Task details
Search the records below for "core"; copy each line that has it.

Provided records
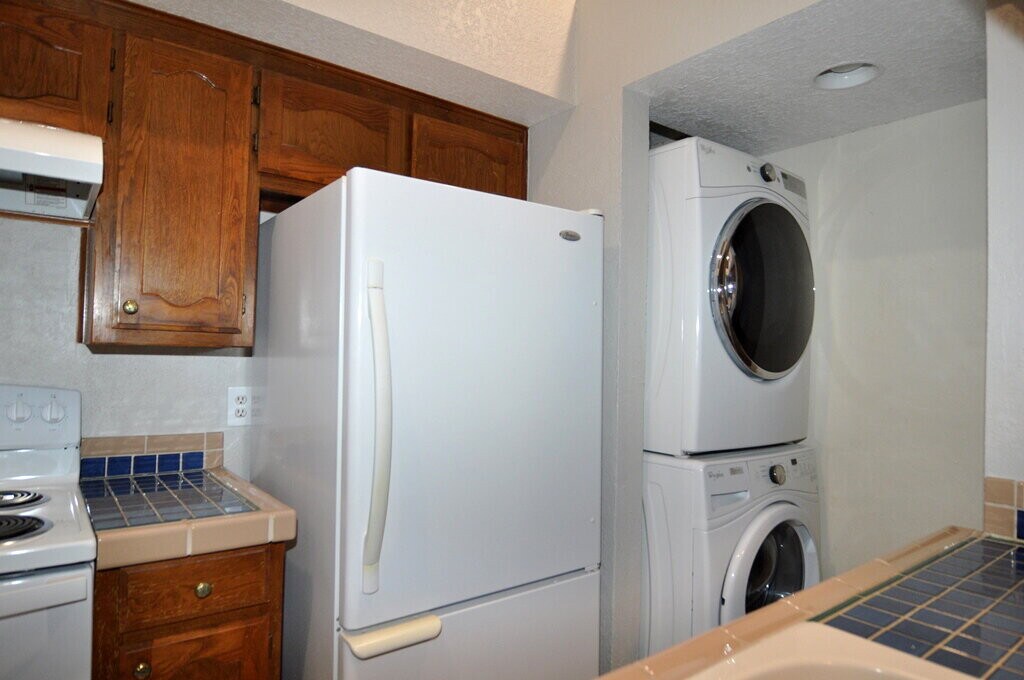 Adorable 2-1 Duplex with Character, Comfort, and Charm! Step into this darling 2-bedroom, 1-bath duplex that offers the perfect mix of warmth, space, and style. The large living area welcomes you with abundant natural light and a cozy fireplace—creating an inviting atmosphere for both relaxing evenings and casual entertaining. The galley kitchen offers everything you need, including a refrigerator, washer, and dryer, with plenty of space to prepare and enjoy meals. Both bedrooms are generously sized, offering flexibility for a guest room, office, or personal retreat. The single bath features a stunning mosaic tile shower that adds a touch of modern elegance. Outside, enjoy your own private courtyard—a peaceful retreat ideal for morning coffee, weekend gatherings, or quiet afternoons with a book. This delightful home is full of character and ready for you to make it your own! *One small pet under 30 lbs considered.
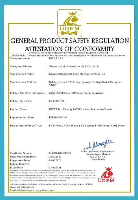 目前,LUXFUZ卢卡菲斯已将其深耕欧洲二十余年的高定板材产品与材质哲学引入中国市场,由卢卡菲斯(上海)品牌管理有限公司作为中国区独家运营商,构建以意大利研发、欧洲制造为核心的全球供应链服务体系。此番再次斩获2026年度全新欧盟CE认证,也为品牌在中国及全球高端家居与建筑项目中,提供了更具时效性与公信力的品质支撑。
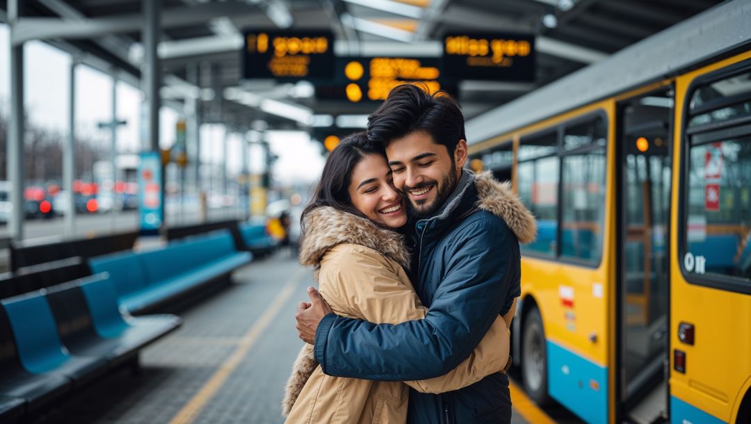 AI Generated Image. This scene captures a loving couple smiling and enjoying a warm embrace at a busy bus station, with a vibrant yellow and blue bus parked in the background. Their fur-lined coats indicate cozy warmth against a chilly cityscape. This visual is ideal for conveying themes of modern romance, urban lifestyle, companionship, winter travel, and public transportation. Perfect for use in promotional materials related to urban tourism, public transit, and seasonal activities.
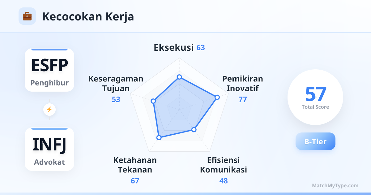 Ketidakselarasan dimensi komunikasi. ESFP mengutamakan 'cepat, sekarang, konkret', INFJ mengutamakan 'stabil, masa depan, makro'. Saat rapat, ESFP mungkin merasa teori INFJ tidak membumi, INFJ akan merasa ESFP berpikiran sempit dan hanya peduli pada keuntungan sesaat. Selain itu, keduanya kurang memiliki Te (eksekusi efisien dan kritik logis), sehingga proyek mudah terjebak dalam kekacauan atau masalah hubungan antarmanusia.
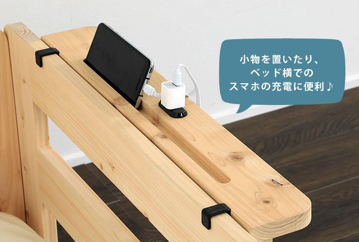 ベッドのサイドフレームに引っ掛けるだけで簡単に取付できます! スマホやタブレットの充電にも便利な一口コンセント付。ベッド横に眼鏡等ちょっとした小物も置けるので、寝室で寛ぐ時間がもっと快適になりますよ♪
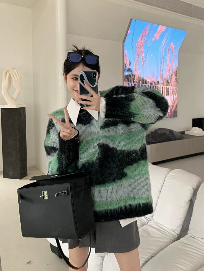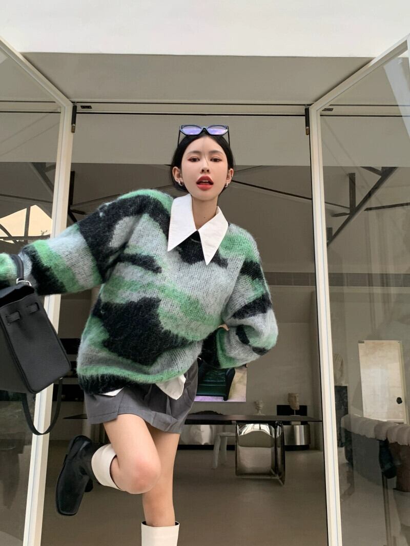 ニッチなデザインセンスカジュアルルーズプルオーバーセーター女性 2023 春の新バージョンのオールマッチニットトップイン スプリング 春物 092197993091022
==
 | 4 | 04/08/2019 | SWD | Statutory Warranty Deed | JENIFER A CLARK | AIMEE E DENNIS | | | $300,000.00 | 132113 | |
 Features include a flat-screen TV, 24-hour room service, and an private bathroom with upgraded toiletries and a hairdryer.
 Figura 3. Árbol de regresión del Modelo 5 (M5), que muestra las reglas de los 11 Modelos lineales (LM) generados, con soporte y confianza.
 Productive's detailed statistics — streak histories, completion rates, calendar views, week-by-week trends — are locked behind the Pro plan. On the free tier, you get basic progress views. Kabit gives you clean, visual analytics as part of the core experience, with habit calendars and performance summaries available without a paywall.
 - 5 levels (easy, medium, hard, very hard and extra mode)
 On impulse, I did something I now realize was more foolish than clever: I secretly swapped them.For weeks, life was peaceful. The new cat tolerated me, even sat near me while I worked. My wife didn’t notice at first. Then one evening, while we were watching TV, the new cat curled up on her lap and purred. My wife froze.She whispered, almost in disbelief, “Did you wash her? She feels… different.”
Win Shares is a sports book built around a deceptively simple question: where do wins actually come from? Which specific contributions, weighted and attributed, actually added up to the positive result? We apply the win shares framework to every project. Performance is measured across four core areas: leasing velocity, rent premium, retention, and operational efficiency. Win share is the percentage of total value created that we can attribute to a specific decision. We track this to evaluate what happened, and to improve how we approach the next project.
--
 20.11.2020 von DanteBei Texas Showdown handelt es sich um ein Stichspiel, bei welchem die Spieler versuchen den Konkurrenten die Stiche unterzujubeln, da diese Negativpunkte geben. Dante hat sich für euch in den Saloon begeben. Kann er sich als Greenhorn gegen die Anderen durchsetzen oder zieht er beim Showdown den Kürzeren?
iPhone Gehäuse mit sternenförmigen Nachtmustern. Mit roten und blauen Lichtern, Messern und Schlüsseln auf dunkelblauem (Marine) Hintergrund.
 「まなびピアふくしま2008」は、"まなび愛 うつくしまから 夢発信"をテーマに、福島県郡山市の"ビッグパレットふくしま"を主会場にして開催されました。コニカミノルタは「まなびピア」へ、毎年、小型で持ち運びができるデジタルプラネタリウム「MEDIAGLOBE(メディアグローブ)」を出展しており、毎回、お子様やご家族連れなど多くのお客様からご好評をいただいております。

Answer to this exercise
 Productive's detailed statistics — streak histories, completion rates, calendar views, week-by-week trends — are locked behind the Pro plan. On the free tier, you get basic progress views. Kabit gives you clean, visual analytics as part of the core experience, with habit calendars and performance summaries available without a paywall.
Win Shares is a sports book built around a deceptively simple question: where do wins actually come from? Which specific contributions, weighted and attributed, actually added up to the positive result? We apply the win shares framework to every project. Performance is measured across four core areas: leasing velocity, rent premium, retention, and operational efficiency. Win share is the percentage of total value created that we can attribute to a specific decision. We track this to evaluate what happened, and to improve how we approach the next project.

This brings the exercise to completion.